What is required: Down to the final line, print the records below exactly and without pictures.

Start of Data provided

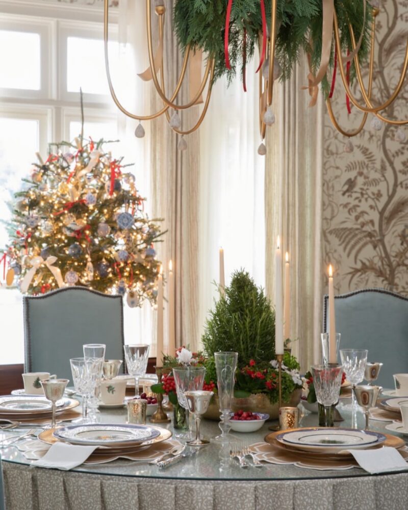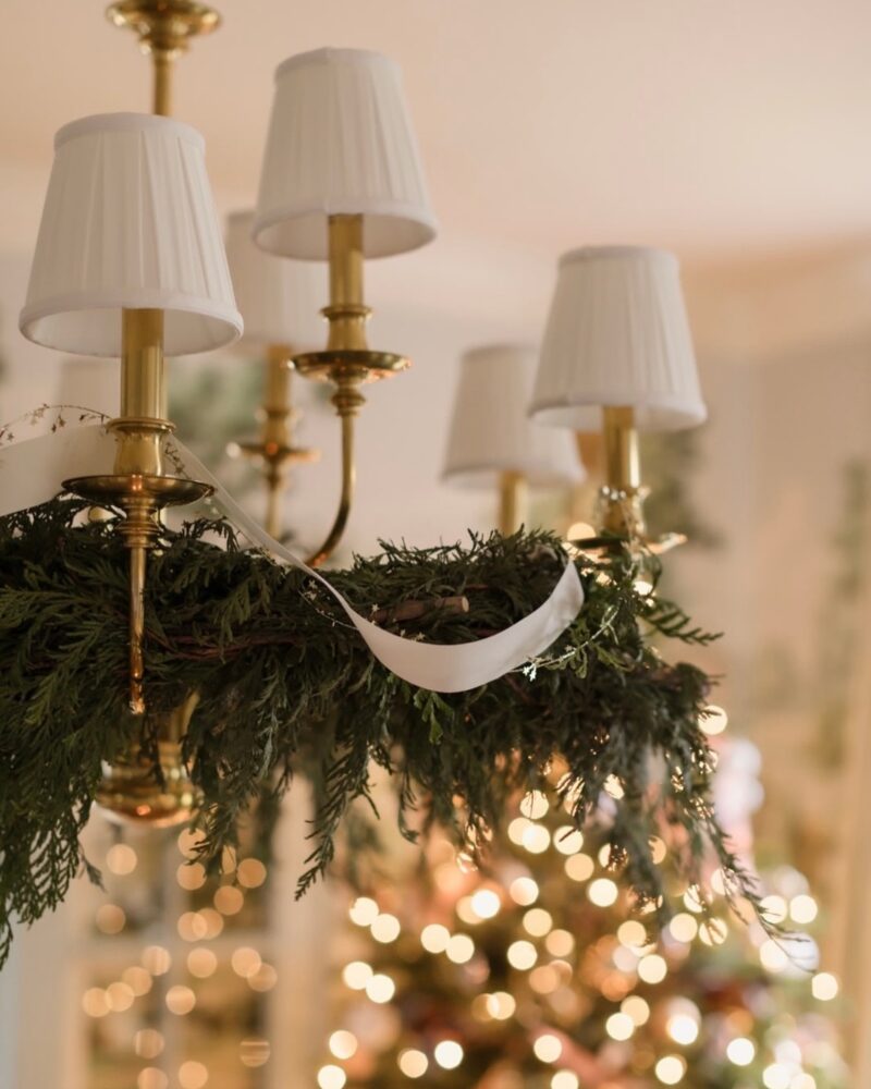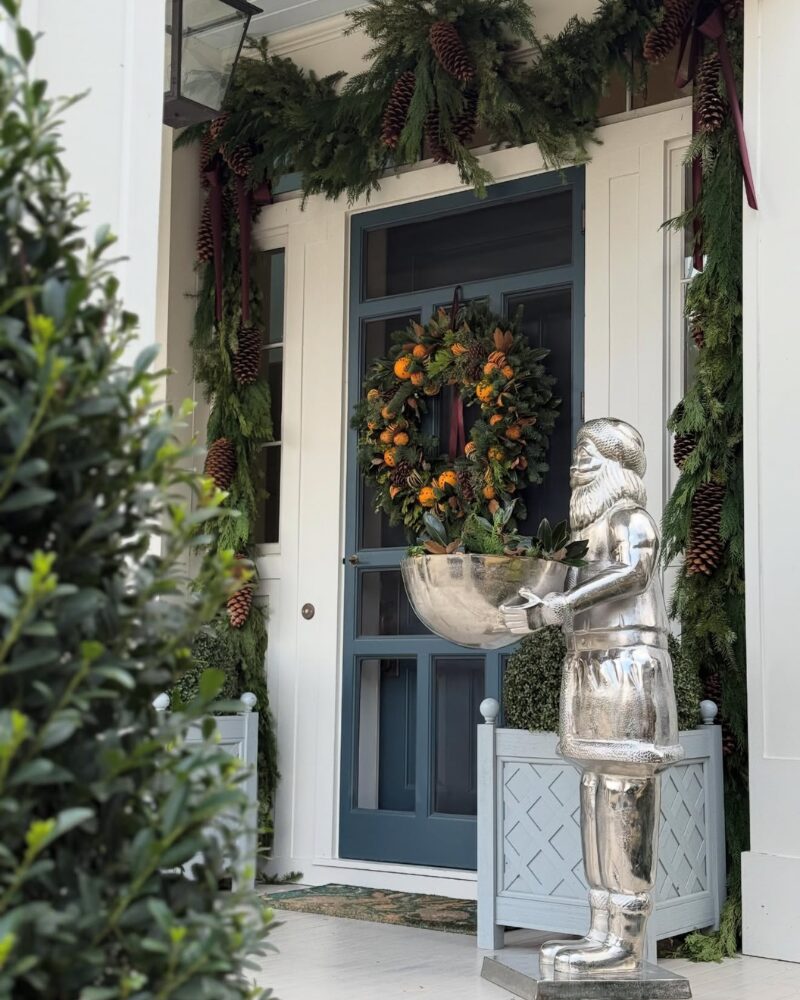 This porch feels relaxed, charming, and unmistakably festive. Lush garlands frame the doors and windows, paired with a full wreath and subtle ribbon details. The result is a welcoming, lived-in holiday look that feels just right for greeting guests—or enjoying a quiet moment outside. Designed by Laurie Miller Designs in Little Rock, Arkansas and co-owner of Shop Gloriette.
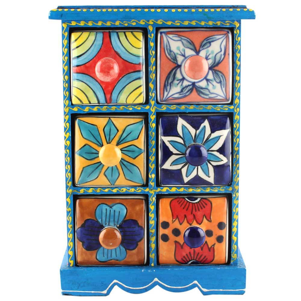 Spice Box-1130 Masala Rack Container Gift Item. Ceramic Drawers in Wooden Frame. The Spice Boxes are designed with different patterns. These boxes are made using natural wood which does not harm the purity of spices.
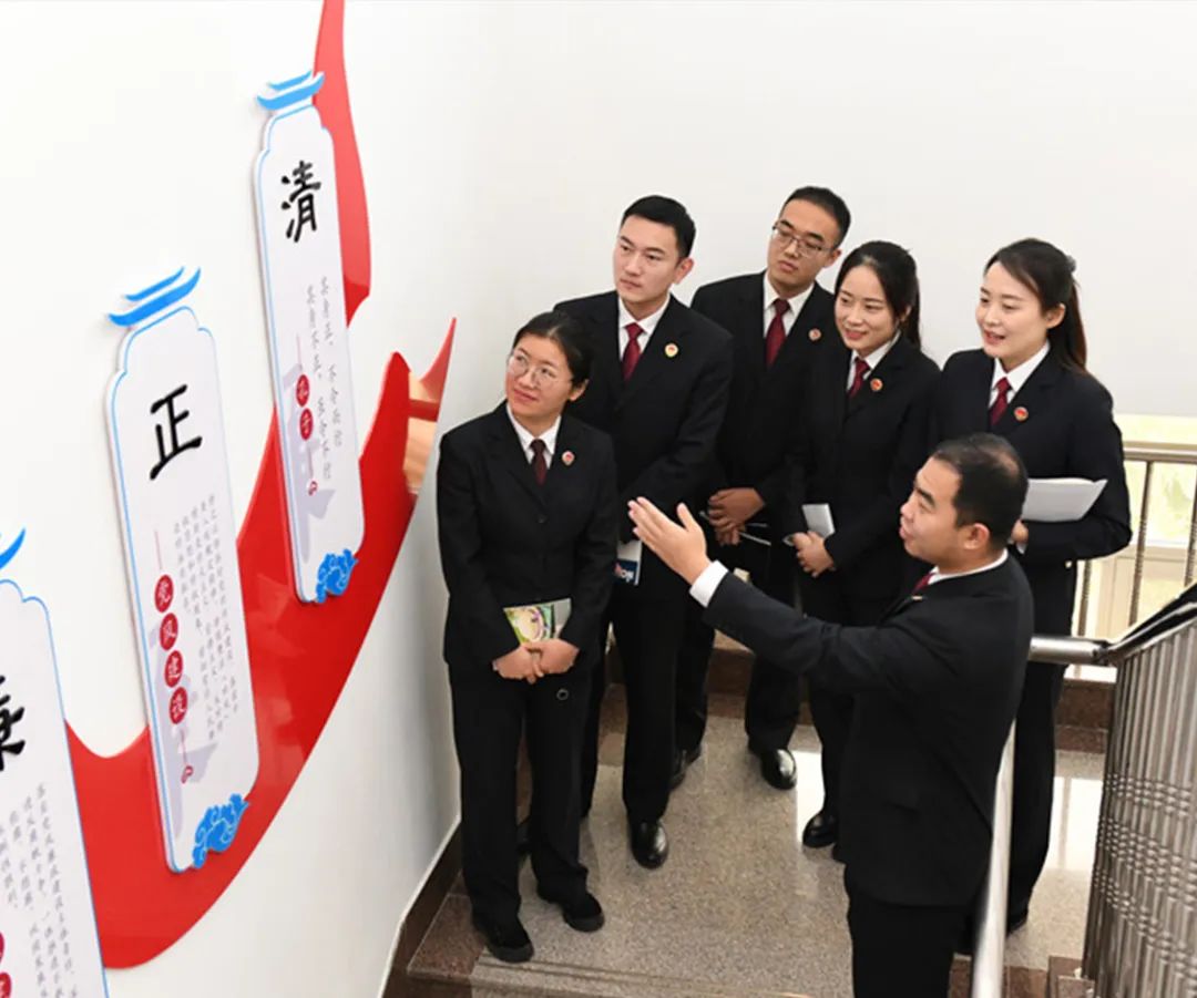 对提职干警进行任前廉政谈话,对新招录干警、书记员进行“四个一”入职廉政教育,从工作伊始筑牢纪律作风“红线”。以大会宣讲、集中学习、电子屏滚动播放、公示栏公布、内网刊登等多种形式全方位申明高检院《禁酒令》、新时代政法干警“十个严禁”、 《党员廉洁自律规范》及相关“廉政警句”等廉政纪律要求。组织参观廉政文化宣传墙,制作廉政小视频,组织廉政书法展示,利用“两微一端”、内网信息发布系统等多种媒介载体讲好廉政故事,传播廉政声音,将廉政文化融入机关文化、支部建设,真正让廉政文化内化于心、外化于行。
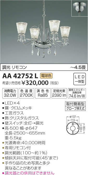 サイズ:高さ500 幅φ647 全長2500〜655mm 重さ:5.5kg 消費電力:32W 色温度:2700K 演色性:Ra85 光源寿命:40,000時間 専用リモコン付 調光範囲(100〜約1%) 傾斜天井に取付可能(45°まで) 手作り品のため写真と多少異なることがあります 調光器との併用はできません ※色温度:2700K 材質・色:鋼-クロムメッキ、工芸ガラス、飾 クリスタルガラス ランプ:LED×4 LEDユニット:LED一体型 点灯順序:壁スイッチ:全灯→調光 電気工事:電気工事不要タイプ メーカー希望小売価格はメーカーカタログに基づいて掲載しています
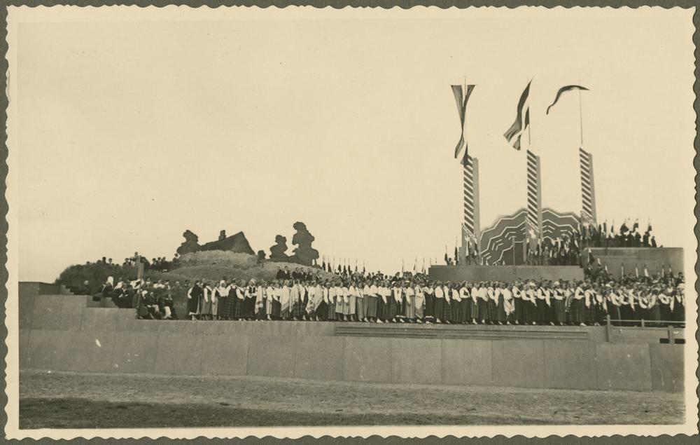 Alberta Sprūdža lugas ''Svētā zeme'' brīvdabas uzvedums Otro Latvijas Pļaujas svētku un Latgales Lauksaimniecības izstādes laikā Rēzeknē. Uzveduma režisors un scenogrāfs Jānis Muncis.

End of Data provided

Answer to this exercise:
 This porch feels relaxed, charming, and unmistakably festive. Lush garlands frame the doors and windows, paired with a full wreath and subtle ribbon details. The result is a welcoming, lived-in holiday look that feels just right for greeting guests—or enjoying a quiet moment outside. Designed by Laurie Miller Designs in Little Rock, Arkansas and co-owner of Shop Gloriette.
 Spice Box-1130 Masala Rack Container Gift Item. Ceramic Drawers in Wooden Frame. The Spice Boxes are designed with different patterns. These boxes are made using natural wood which does not harm the purity of spices.
 对提职干警进行任前廉政谈话,对新招录干警、书记员进行“四个一”入职廉政教育,从工作伊始筑牢纪律作风“红线”。以大会宣讲、集中学习、电子屏滚动播放、公示栏公布、内网刊登等多种形式全方位申明高检院《禁酒令》、新时代政法干警“十个严禁”、 《党员廉洁自律规范》及相关“廉政警句”等廉政纪律要求。组织参观廉政文化宣传墙,制作廉政小视频,组织廉政书法展示,利用“两微一端”、内网信息发布系统等多种媒介载体讲好廉政故事,传播廉政声音,将廉政文化融入机关文化、支部建设,真正让廉政文化内化于心、外化于行。
 サイズ:高さ500 幅φ647 全長2500〜655mm 重さ:5.5kg 消費電力:32W 色温度:2700K 演色性:Ra85 光源寿命:40,000時間 専用リモコン付 調光範囲(100〜約1%) 傾斜天井に取付可能(45°まで) 手作り品のため写真と多少異なることがあります 調光器との併用はできません ※色温度:2700K 材質・色:鋼-クロムメッキ、工芸ガラス、飾 クリスタルガラス ランプ:LED×4 LEDユニット:LED一体型 点灯順序:壁スイッチ:全灯→調光 電気工事:電気工事不要タイプ メーカー希望小売価格はメーカーカタログに基づいて掲載しています
 Alberta Sprūdža lugas ''Svētā zeme'' brīvdabas uzvedums Otro Latvijas Pļaujas svētku un Latgales Lauksaimniecības izstādes laikā Rēzeknē. Uzveduma režisors un scenogrāfs Jānis Muncis.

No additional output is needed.